M. Berthier, juge d’instruction,
Se mit à sourire gravement,
Comme sourient tous les juges d’instruction,
Et nous dit : « Je vais maintenant
Vous conter un souvenir qui date du temps
Où j’étais en poste à Bastia.
Je n’y entendais parler que du prix du sang,
Cette terrible coutume : la vendetta.

A l’écart de la ville,
Dans un coin tranquille,
Un étrange britannique
Venait d’acheter un pavillon de briques
Et ne cessait de causer bien des ennuis
À ses voisins. Avec le brigadier
Et deux gendarmes, je me suis rendu chez lui.
Était-ce un contrebandier ?
A-t-il quitté sa patrie pour raison d’État ?
A-t-il commis des actes impardonnables ?
On ne le savait pas.

Quand nous arrivâmes, il passait à table.
L’homme, très large, très grand,
Les cheveux rouges
Le teint et la barbe rouges
Nous offrit un verre de vin blanc.
Le brigadier posa ses questions
Avec de grandes précautions.
Il y répondit sans embarras
Puis ajouta :
-J’ai bôcoup voyagé en Amérique,
Aux Indes, en Afrique....
J’ai chassé le tigre, l’éléphant,
Le gorille, et même l’être vivant !
Il nous montra ses armes à feu, ses épées
Et ses poignards.
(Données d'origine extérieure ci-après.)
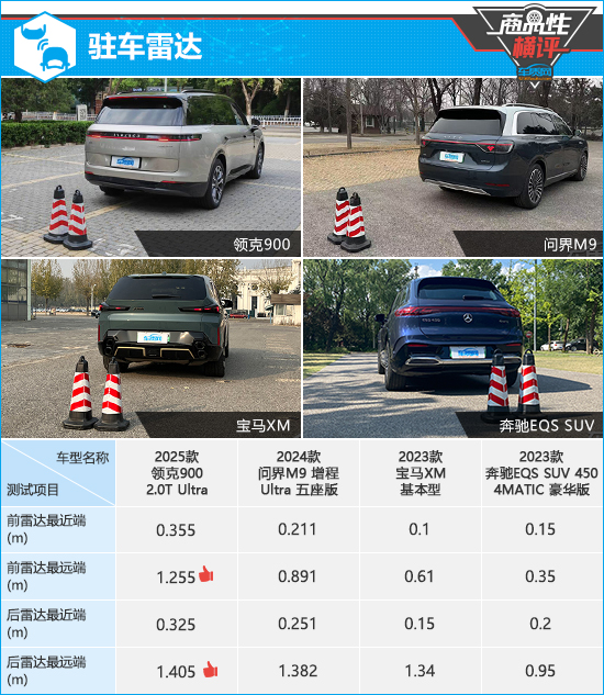在雷达感应测试中,根据已有测试数据来看,无论是前雷达还是后雷达,探测能力最强的都是领克900,相比之下,奔驰EQS SUV的雷达功率明显偏弱。在持续蜂鸣阶段提示距离方面,问界M9的前后雷达测试成绩都与同级别车型测试均值最为接近。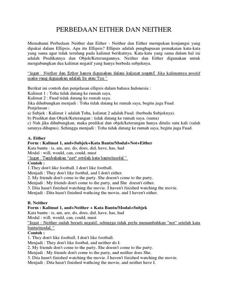 Penjelasan Dan Perbedaan Either-Neither Serta Contohnya Dalam Bahasa Inggris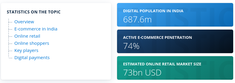 - With the exponential growth in internet and digital population of 687.6 Million in India and an active e-commerce penetration of 74%, it is estimated that online retail market size will be $73 Billion.
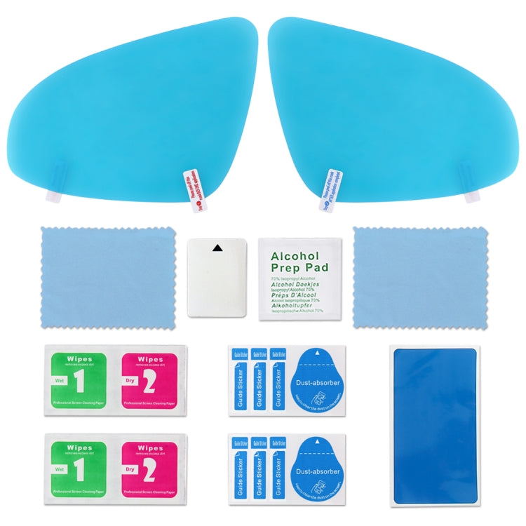 1. PET + Nano coating protective film with high transmittance, Anti-fog, anti-glare, anti-mist, waterproof, rainproof, which effectively protects your driving safety in a rainy or foggy day.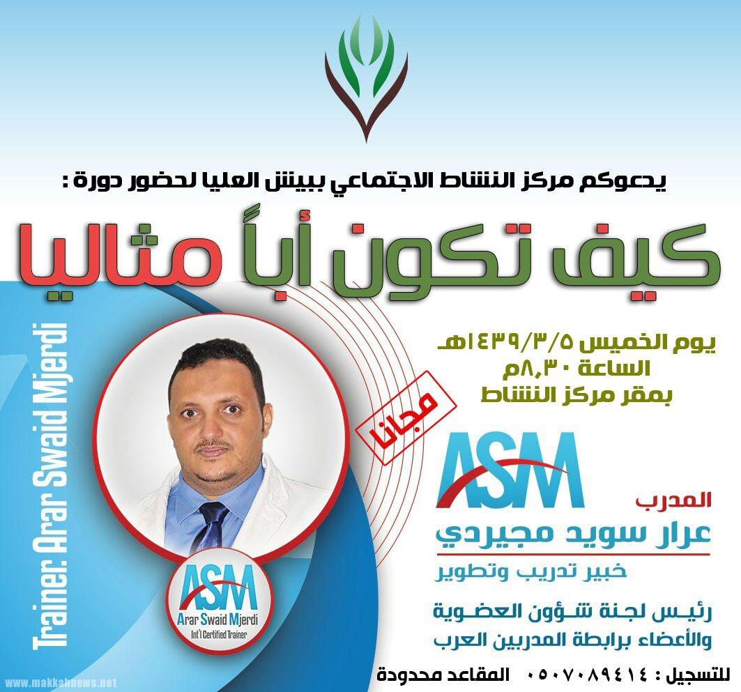 نشاط بيش العليا يعلن عن إقامة دورة تدريبية بعنوان “كيف تكون أباً مثاليا “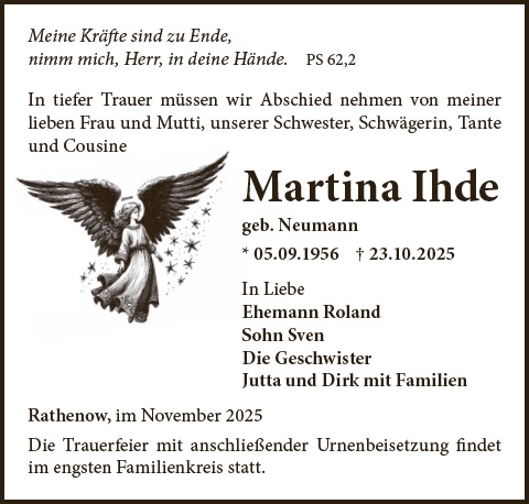 Liebe Familie, wir wünschen Ihnen von Herzen viel Kraft und Menschen in Ihrem Umfeld, die ihnen Halt geben in dieser Zeit. Sie können zusammen mit Ihren Lieben auf dieser Gedenkseite Erinnerungen teilen und so das Andenken an Martina Ihde gemeinsam erhalten. Ihr Bestattungshaus Schnee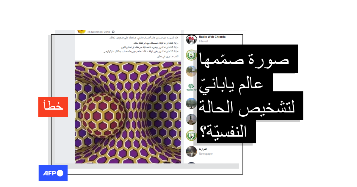تظهر في الصورة أشكالٌ هندسيّة توحي بأنّها تتحرّك وقد جاء في النصّ المرافق لها "هذه الصورة من تصميم عالم أعصاب ياباني، تساعدك على تشخيص لحالك...إذا كنت تراها ثابتة، فصحتك جيدة وعقلك منتبه...إذا كنت تراها تدور ببطئ فأعصابك مرهقة أو تحتاج للنوم...إذا كنت تراها تدور بغير توقف، فأنت متعب وربما مصاب بمشكل سايكولوجي".

Puis j’ai remarqué
Fixé sur le mur un cimeterre
Relié par une chaîne de fer
À une main desséchée noire.
J’ai voulu savoir
Ce qu’étaient ces trophées pendus là.
Calmement il me dit :
-Mon meilleur ennemi vené de Namibie.
J’ai coupé sa main avec ce sabre-là.

S’écoula une année
Sans que je le revis.
Puis un soir, la gendarmerie m’apprit
Qu’il venait d’être assassiné.
Quand nous arrivâmes chez lui
Avec le légiste, il faisait presque nuit.
La chaîne avait été rompue
Et l’horrible main avait disparu.
Qui avait pu commettre ce larcin ?
Puis en examinant avec le médecin
Le corps du défunt, nous vîmes sur son cou
Une balafre et cinq petits trous.
Nous procédâmes aux constatations.
Aucune porte n’avait été forcée.
Aucune fenêtre n’était cassée.

Deux jours plus tard, le gardien du cimetière
Vint me faire cette déclaration :
-J’ai trouvé cette gibecière
Posée sur une tombe. Ouvrez-la.
Elle contenait la main. Je n’y croyais pas.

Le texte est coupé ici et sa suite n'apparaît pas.